▶ [Records provided]
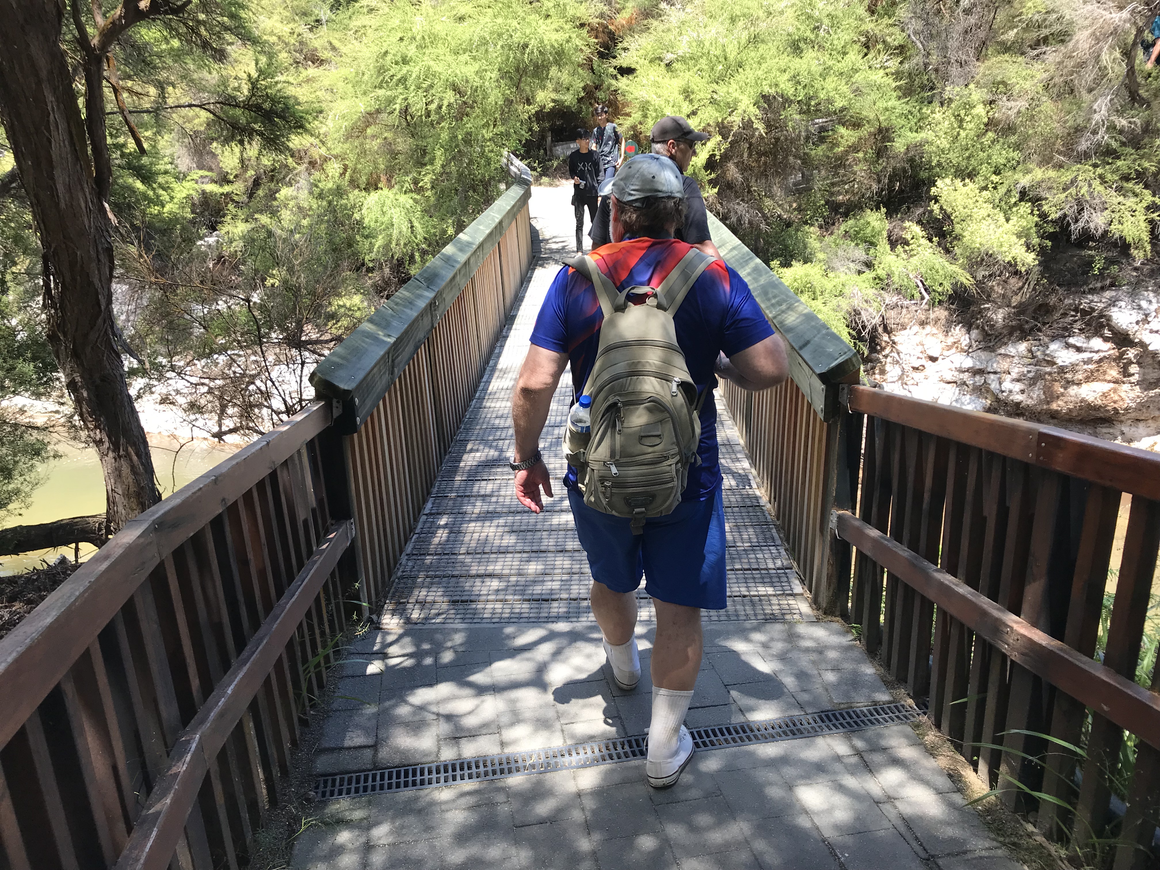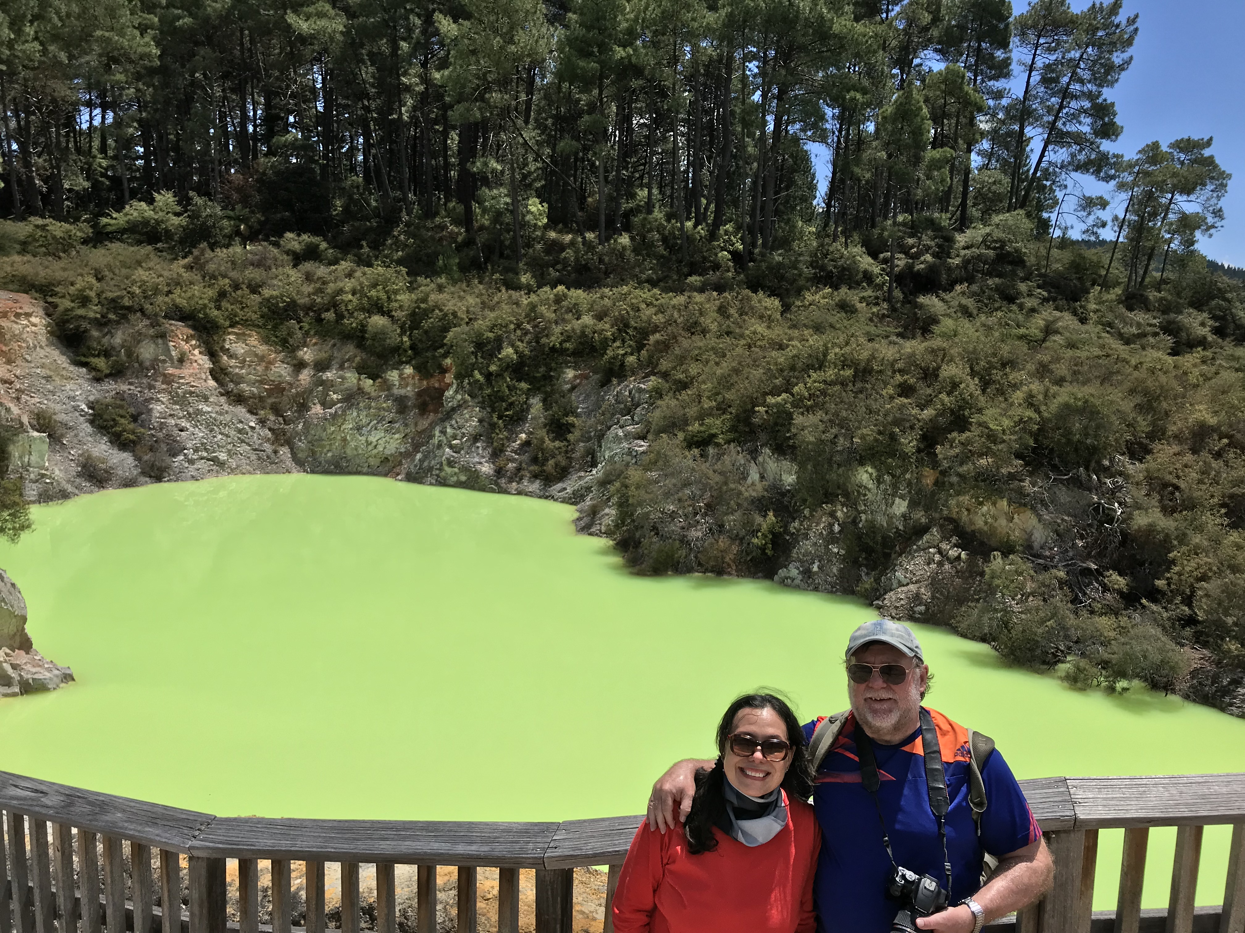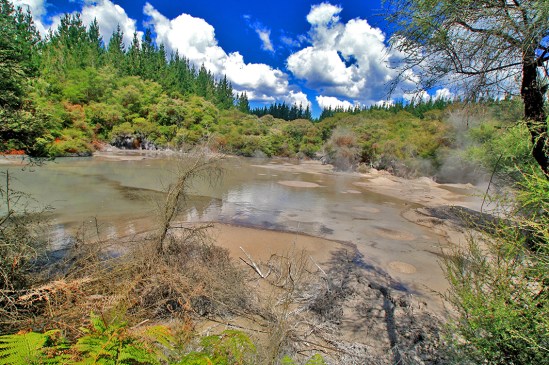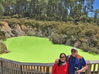 O cheiro de enxofre é muito forte. Você vai caminhando, apreciando a paisagem diferente quando então, de repente, você se depara com a “lagoa de champanhe”, um dos lugares mais espetaculares que já visitei na vida, é uma piscina de lama borbulhante com altas temperaturas chamada de Wai-O-tapu Mud Pool.
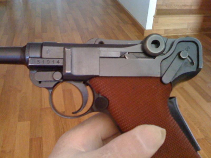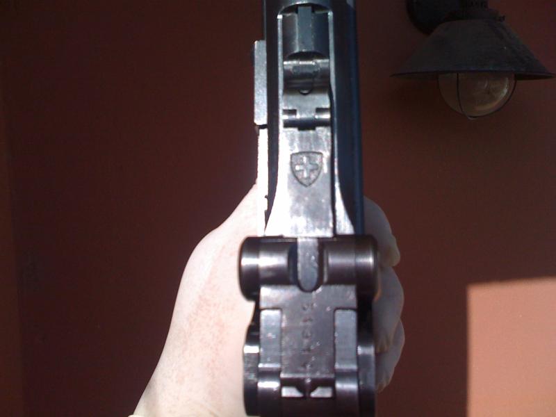 Me hablaron muy bien de ella y, una vez vista, pues tenían razón. Está impoluta. El problema es lo que comenté: no tiene marcajes alemanes o al menos eso creo yo porqué sólo tiene el número de serie en cañón, mecanismo y caja. Después en el lateral y cargadores tiene marcada una P .
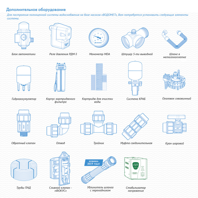 | Особенности | "ВОДОМЕТ" 55/50 ок, предназначен для подачи чистой воды из скважин (диаметром от 110 мм и более), колодцев, резервуаров и открытых водоемов, для комплектации систем автоматизированного водоснабжения дома, орошения сада. Способен работать в частично погруженном состоянии! | |
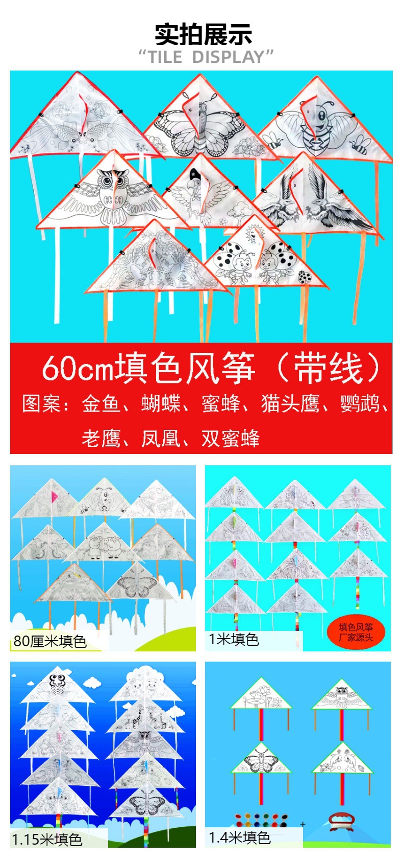 | 1.15 m color filling kite mixed hair +50 m thread + eight color paint + brush | CN¥ 4.2 | 100000 piece available |
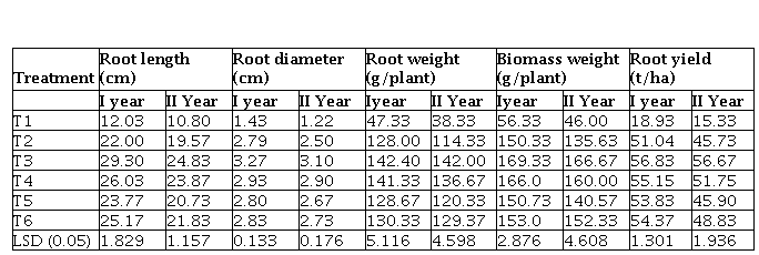 The different treatments significantly influenced root length, root diameter, root weight, biomass weight and root yield (Table 2). Application of poultry manure (PM) in addition to NPK produced significantly higher values for root length (29.30 and 24.83 cm), which
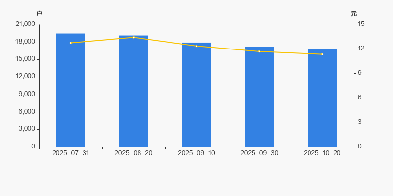 2025年7月31日至今,公司股东户数显著下降,区间跌幅为13.71%。2025年7月31日至2025年10月20日区间股价下降10.90%。
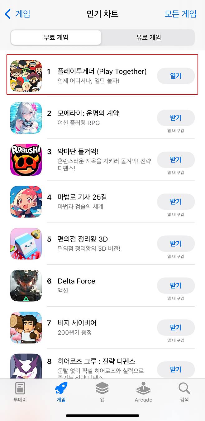 해긴이 서비스하는 소셜 네트워크 게임 '플레이투게더'가 아이폰 무료 게임 순위 1위에 오르며 차트 역주행을 달성했다.
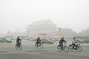 10月26日,北京地区出现浓雾,能见度不足百米。图为市民在雾中的长安街上骑车。 陈晓根摄
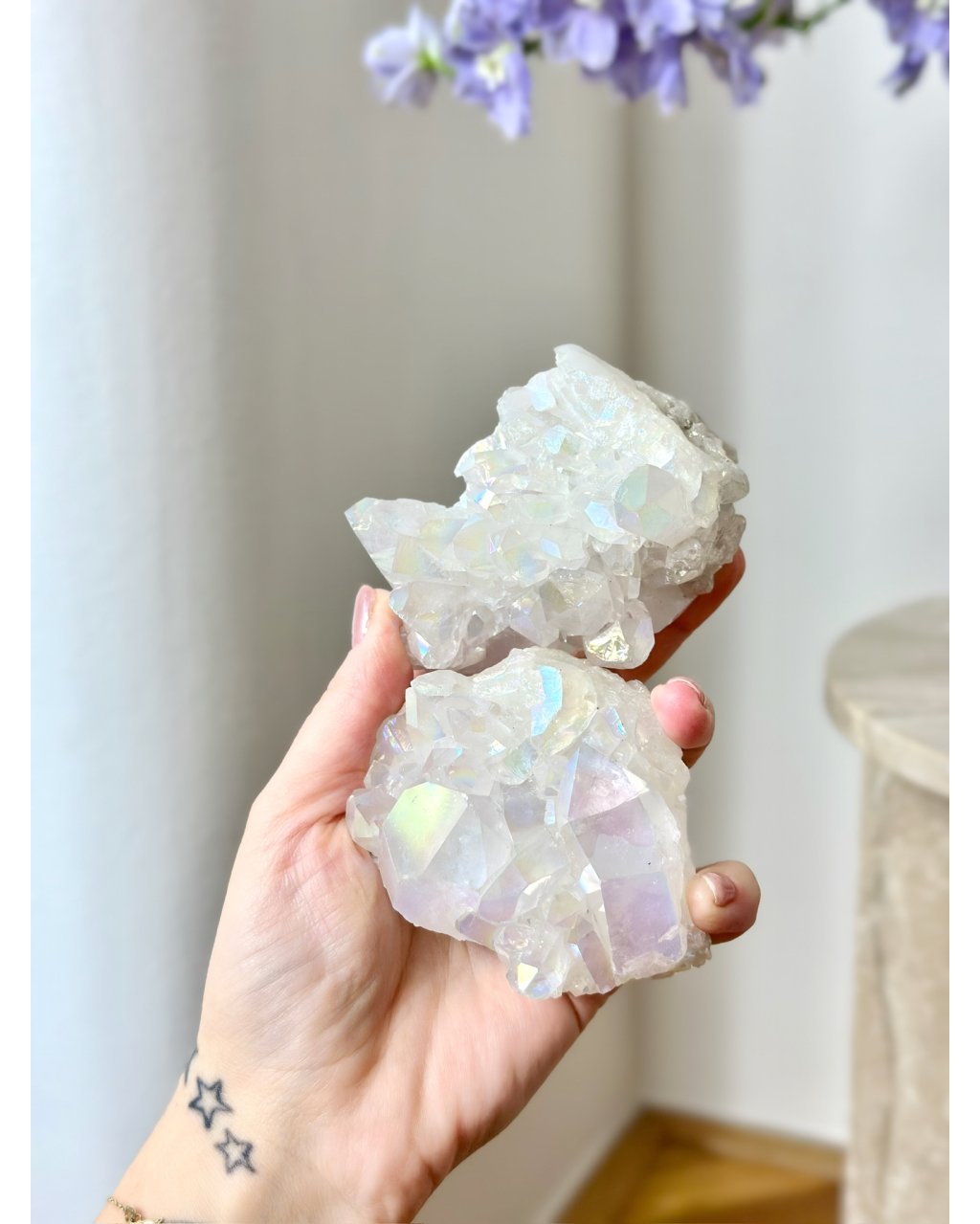 Křištálová druza s efektem aqua aura je zářivým mostem mezi hmotným a duchovním světem, nositelem vysokých vibrací světla, klidu a čistého vědomí. Jemný duhově modrý lesk aqua aura povlaku vytváří éterický vzhled, který připomíná andělské světlo, nebeský dech a klidné proudění vyšších sfér. Každý krystal v druze působí jako anténa, skrze kterou proudí jemná, láskyplná energie naplněná mírem a ochranou.
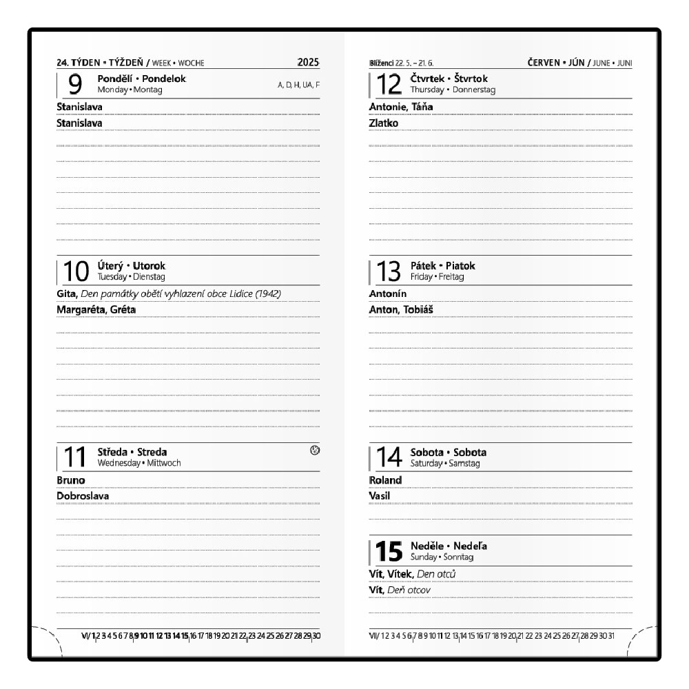 Calendar: weekly Czech and Slovak nominal
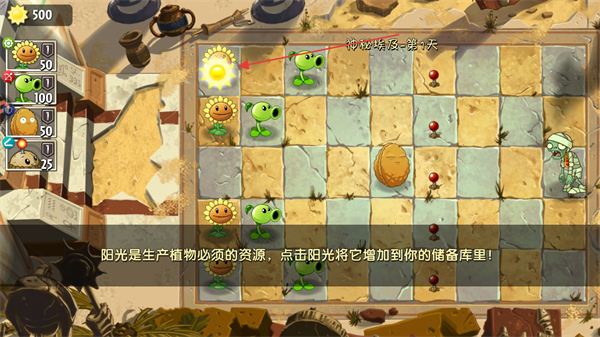 2、点击阳光收集资源,用阳光种植植物,作为生产植物的必备资源。
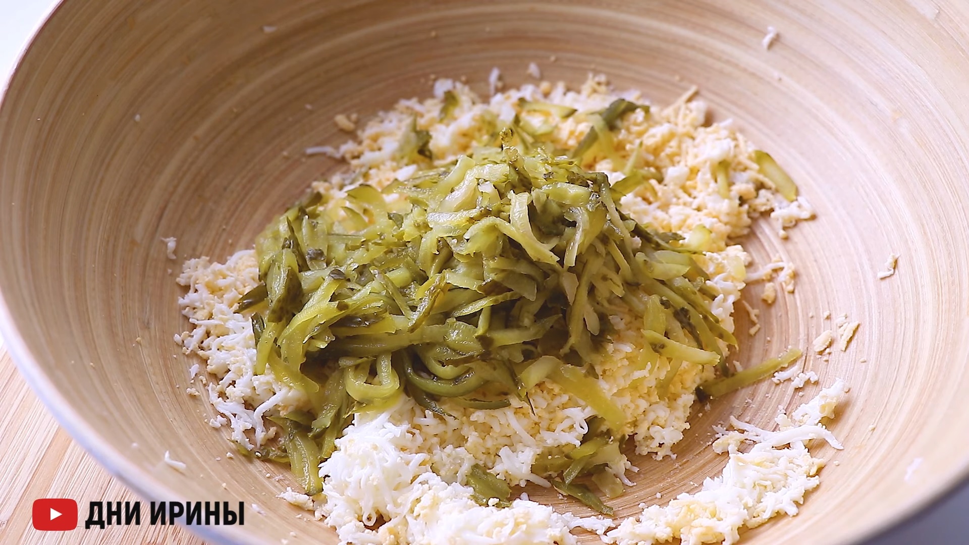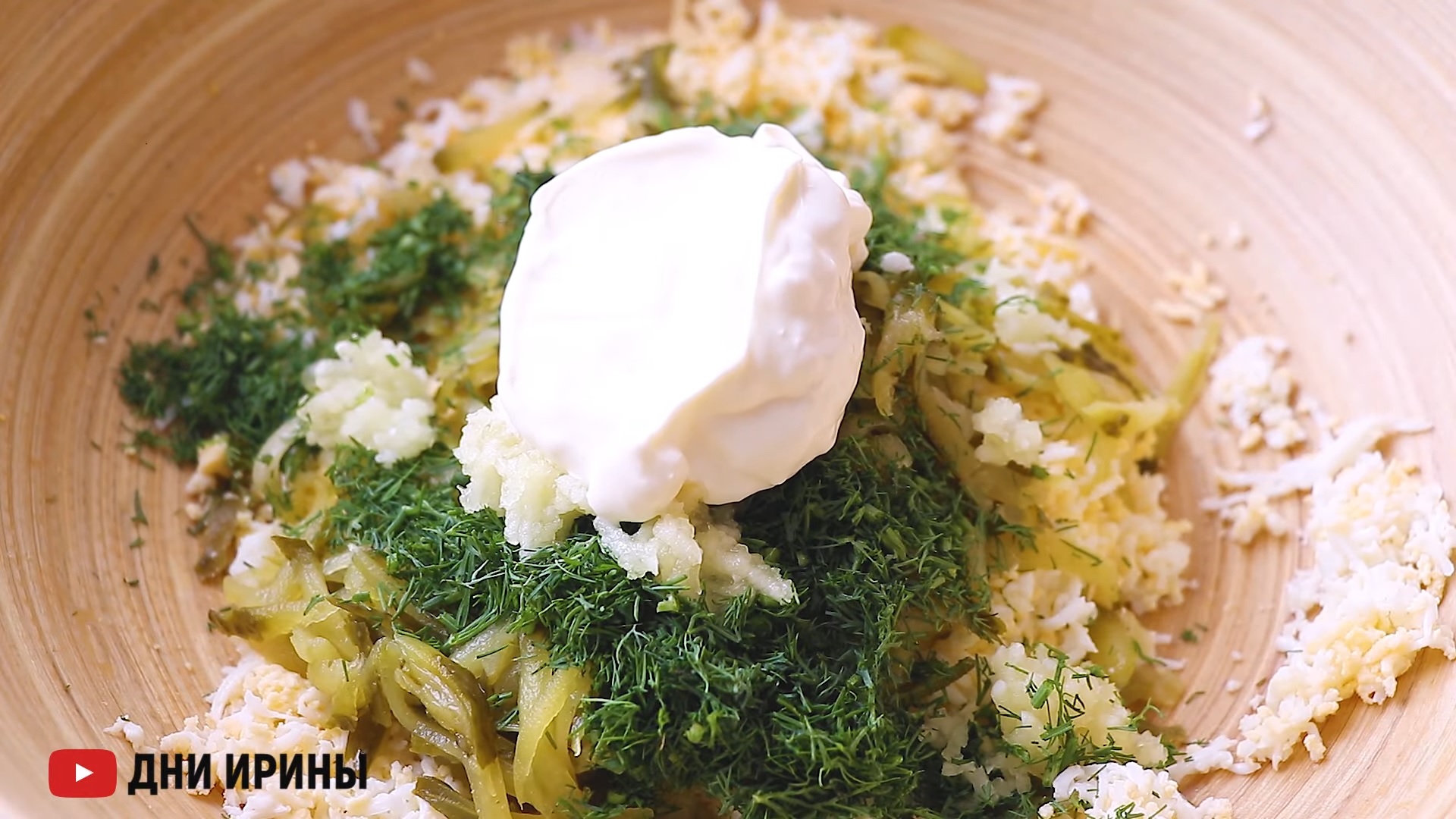 Pentru umplutură, dăm ouăle fierte pe răzătoarea mică. Dăm castraveții pe răzătoarea mare, tocăm mărunt mărarul și pisăm usturoiul. Într-un bol, amestecăm ouăle cu sare, castraveți, mărar, usturoi și la final încorporăm și smântâna.
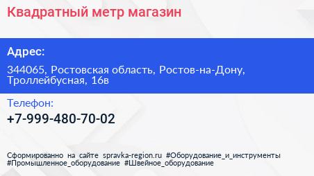 Квадратный метр, магазин по адресу 344065, Ростовская область, Ростов-на-Дону, Троллейбусная, 16в в дальнейшем Организация, размещена в следующих категориях:

▶ [Description of the task] Repeat the entries faithfully. Any picture gets left out.

▶ [Solved exercise]
 O cheiro de enxofre é muito forte. Você vai caminhando, apreciando a paisagem diferente quando então, de repente, você se depara com a “lagoa de champanhe”, um dos lugares mais espetaculares que já visitei na vida, é uma piscina de lama borbulhante com altas temperaturas chamada de Wai-O-tapu Mud Pool.
 Me hablaron muy bien de ella y, una vez vista, pues tenían razón. Está impoluta. El problema es lo que comenté: no tiene marcajes alemanes o al menos eso creo yo porqué sólo tiene el número de serie en cañón, mecanismo y caja. Después en el lateral y cargadores tiene marcada una P .
 | Особенности | "ВОДОМЕТ" 55/50 ок, предназначен для подачи чистой воды из скважин (диаметром от 110 мм и более), колодцев, резервуаров и открытых водоемов, для комплектации систем автоматизированного водоснабжения дома, орошения сада. Способен работать в частично погруженном состоянии! | |
 | 1.15 m color filling kite mixed hair +50 m thread + eight color paint + brush | CN¥ 4.2 | 100000 piece available |
 The different treatments significantly influenced root length, root diameter, root weight, biomass weight and root yield (Table 2). Application of poultry manure (PM) in addition to NPK produced significantly higher values for root length (29.30 and 24.83 cm), which
 2025年7月31日至今,公司股东户数显著下降,区间跌幅为13.71%。2025年7月31日至2025年10月20日区间股价下降10.90%。
 해긴이 서비스하는 소셜 네트워크 게임 '플레이투게더'가 아이폰 무료 게임 순위 1위에 오르며 차트 역주행을 달성했다.
 10月26日,北京地区出现浓雾,能见度不足百米。图为市民在雾中的长安街上骑车。 陈晓根摄
 Křištálová druza s efektem aqua aura je zářivým mostem mezi hmotným a duchovním světem, nositelem vysokých vibrací světla, klidu a čistého vědomí. Jemný duhově modrý lesk aqua aura povlaku vytváří éterický vzhled, který připomíná andělské světlo, nebeský dech a klidné proudění vyšších sfér. Každý krystal v druze působí jako anténa, skrze kterou proudí jemná, láskyplná energie naplněná mírem a ochranou.
 Calendar: weekly Czech and Slovak nominal
 2、点击阳光收集资源,用阳光种植植物,作为生产植物的必备资源。
 Pentru umplutură, dăm ouăle fierte pe răzătoarea mică. Dăm castraveții pe răzătoarea mare, tocăm mărunt mărarul și pisăm usturoiul. Într-un bol, amestecăm ouăle cu sare, castraveți, mărar, usturoi și la final încorporăm și smântâna.
 Квадратный метр, магазин по адресу 344065, Ростовская область, Ростов-на-Дону, Троллейбусная, 16в в дальнейшем Организация, размещена в следующих категориях:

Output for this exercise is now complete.